Les mesures concernant la réquisition sont parmi celles qui ont été les plus lourdement ressenties par la population de Lille, pendant les quatre années d’occupation. Le conflit n’est plus seulement entre les chefs de l’armée allemande et les représentants du Gouvernement français ou de la Municipalité, mais entre les agents de la police et les particuliers sans défense, ce qui laisse à penser le rôle que pouvait jouer l’arbitraire dans l’exercice du droit de réquisition.
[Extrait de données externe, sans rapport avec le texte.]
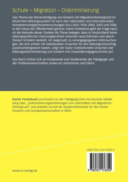 Das Thema der Benachteiligung von Kindern mit Migrationshintergrund im deutschen Bildungssystem ist nach den nationalen und internationalen Kompetenzvergleichsuntersuchungen IGLU 2001, PISA 2000, 2003 und 2006 in den Fokus der Öffentlichkeit gerückt. Karim Fereidooni geht der Frage nach, ob die Befunde dieser Studien die These belegen, dass in Deutschland keine bildungspolitische Chancengleichheit zwischen autochthonen und allochthonen Schülern besteht. Im Gegensatz zu vorangegangenen Untersuchungen, die sich primär mit individuellen Ursachen für den Bildungsmisserfolg auseinandergesetzt haben, zeigt der Autor institutionelle Ursachen der Bildungsdiskriminierung von Kindern mit Zuwanderungsgeschichte auf.
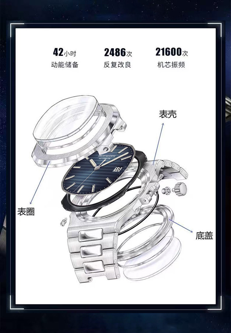 Мужские часы, механические классические водонепроницаемые высококлассные механические часы, полностью автоматический

Tout d’abord, rappelons en quoi consiste ce droit et quelles sont les règles internationales qui en ont fixé l’application. La réquisition, envisagée dans son sens le plus large, comprend non seulement la fourniture des objets, mais encore l’exécution de travaux ou de services, suivant les exigences militaires. C’est ce que l’on appelle prestations en nature, lorsqu’on se place au point de vue de ceux qui subissent la loi de l’occupant. Ce droit, en temps de guerre, est régi par l’article 52 de la Convention de la Haye, qu’ont signé en 1907 les principales Puissances, y compris l’Allemagne, et dont nous reproduisons le texte :
« Nulle réquisition en nature ne sera imposée, sauf pour les besoins de l’armée, et à condition qu’elle soit en rapport avec les ressources du pays. Les prestations en nature devront, autant que possible, être payées au comptant, sinon constatées par des reçus. »
Pour la clarté des faits, disons tout de suite que la Convention de la Haye ne fut, pour les Allemands, qu’un autre chiffon de papier et que cet article 52, notamment, n’a jamais mis aucune limite au droit de réquisition, tel qu’entendait l’appliquer l’autorité militaire [1]. En effet, son exercice devait être strictement soumis aux trois conditions suivantes. La première exige que le service réclamé soit rendu à l’armée d’occupation, c’est-à-dire à l’armée qui, en fait, occupe
- ↑ Quand le Maire de Lille invoque les lois internationales pour résister à l’arbitraire, il lui est répondu ce qui suit : « M. le Maire parle de la Convention de la Haye qui n’a pas à intervenir. Toute critique des décisions de la haute autorité militaire pourra, dans l’avenir, être prise pour une provocation et donner lieu à des sanctions.» (Bulletin de Lille du 24 décembre 1914.) Telle est la nouvelle doctrine de l’État-major allemand en matière de contributions ou de réquisitions.